Companies invest a lot of money in building up brands and the cost of ignorance or muddled
thinking about brand can have adverse result on the financial performance of the organization.
Brand risk is multi-faceted and can be conducted effectively only when all the risks are identified,
measured and managed in an integrated manner. Brand risk has no definition of its own but can
be defined as the sustainability of current and future demand for a company's products or services
from the stake holder’s point of view. Brand risk can be generated by company's own conduct,
behavior of customers, political or community opposition to a company that might limit its ability
to develop or transact business. Differentiators like safety, competency, trust and market related
changes are the various dimensions of brand risk, which might affect brand directly or indirectly.

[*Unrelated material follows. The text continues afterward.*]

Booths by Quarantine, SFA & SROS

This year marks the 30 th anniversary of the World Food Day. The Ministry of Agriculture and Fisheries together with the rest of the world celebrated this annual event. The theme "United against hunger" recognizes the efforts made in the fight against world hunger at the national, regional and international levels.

Brands are becoming more susceptible as brands are being stretched across a number of products
or services and brand failure in one area can't spoil awareness of brand in other areas. Brand
stretching will be harmful when the brand crosses its boundaries and loses powers. Value
concentration i.e., profits from one product, product substitution, and outsourcing are the reasons
for vulnerability.
Companies can make a risk management strategy that addresses all the threats to its brands by
adopting these steps. Firstly, they have to evaluate the brand and assess its strengths and
weaknesses in the context of strength. Secondly we should not confine brand to customer
perceptions only. Employee's perspective is also important. Then we have to measure the risks to
the brand by incorporating brand risk into broader area covering all the major strategic, and
operational hazard, and financial risk to the company. We have to use external and internal risk to
evaluate and implement the risk management strategy.